───── Data block
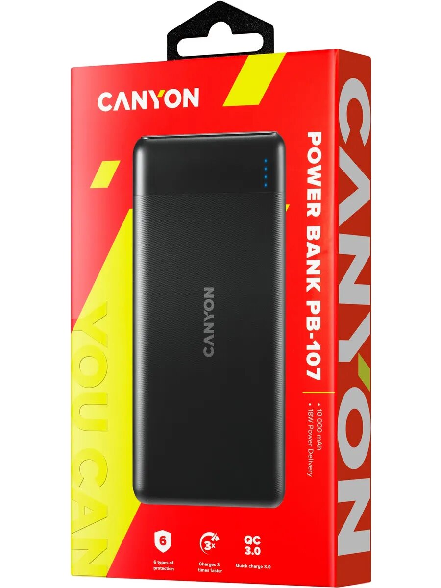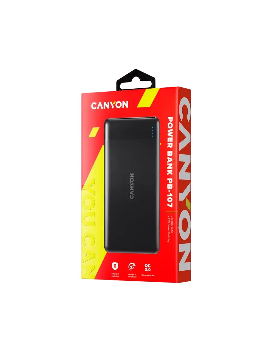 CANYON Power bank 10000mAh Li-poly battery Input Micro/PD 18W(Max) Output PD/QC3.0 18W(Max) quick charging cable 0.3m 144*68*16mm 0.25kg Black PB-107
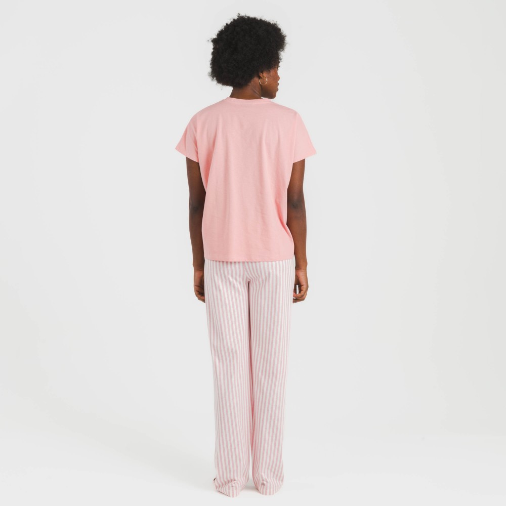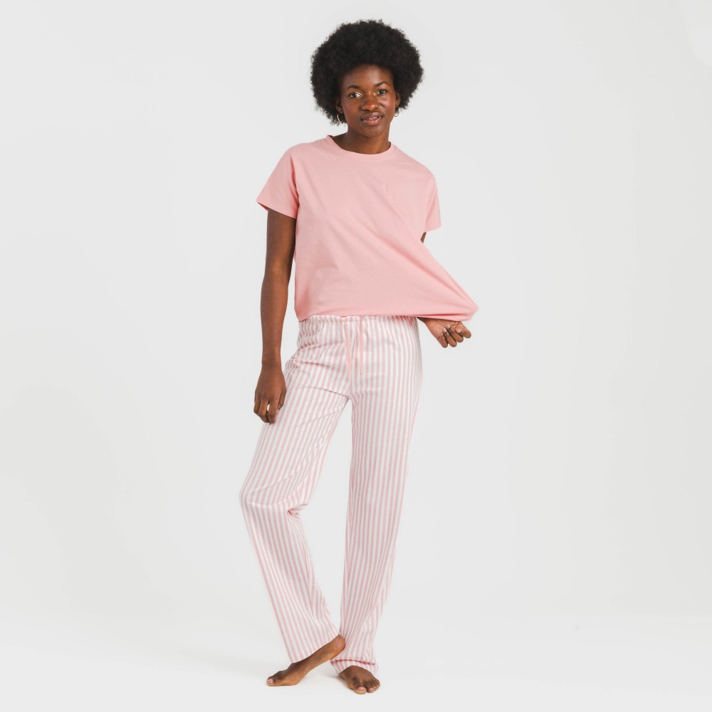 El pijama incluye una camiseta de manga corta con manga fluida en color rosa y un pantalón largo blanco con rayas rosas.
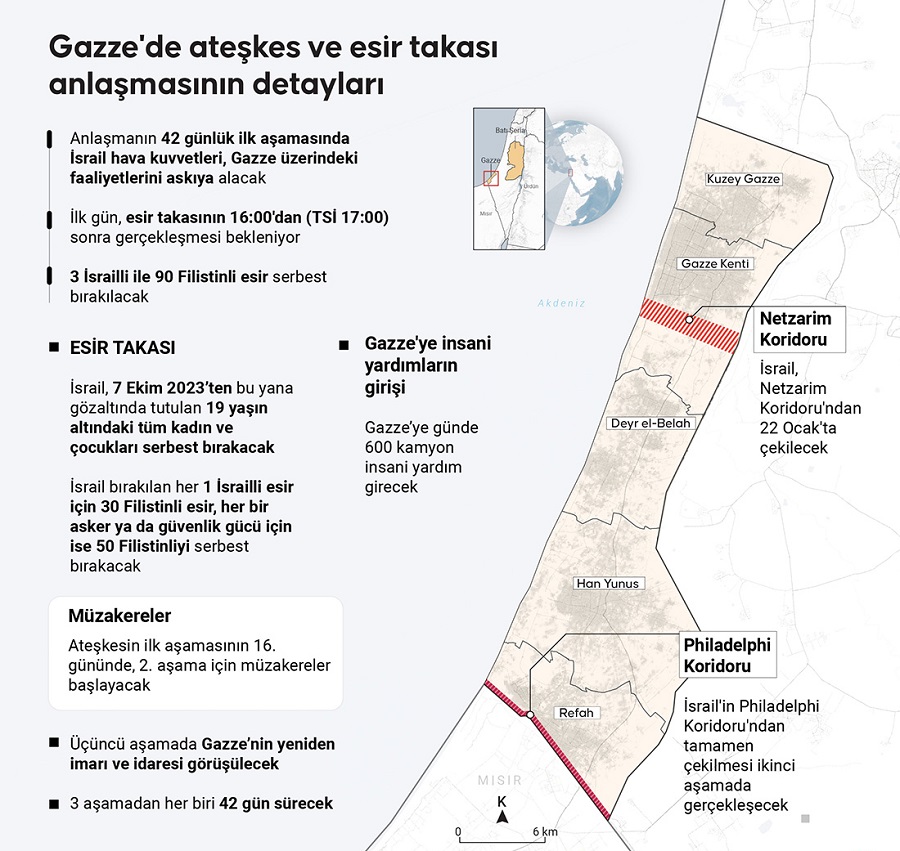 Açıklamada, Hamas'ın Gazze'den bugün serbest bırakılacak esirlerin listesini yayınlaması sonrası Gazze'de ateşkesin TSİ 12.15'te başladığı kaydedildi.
──────────
◆ Exercise goal ◆
Output all the material verbatim, skipping every image.

◆ Solution below ◆
 CANYON Power bank 10000mAh Li-poly battery Input Micro/PD 18W(Max) Output PD/QC3.0 18W(Max) quick charging cable 0.3m 144*68*16mm 0.25kg Black PB-107
 El pijama incluye una camiseta de manga corta con manga fluida en color rosa y un pantalón largo blanco con rayas rosas.
 Açıklamada, Hamas'ın Gazze'den bugün serbest bırakılacak esirlerin listesini yayınlaması sonrası Gazze'de ateşkesin TSİ 12.15'te başladığı kaydedildi.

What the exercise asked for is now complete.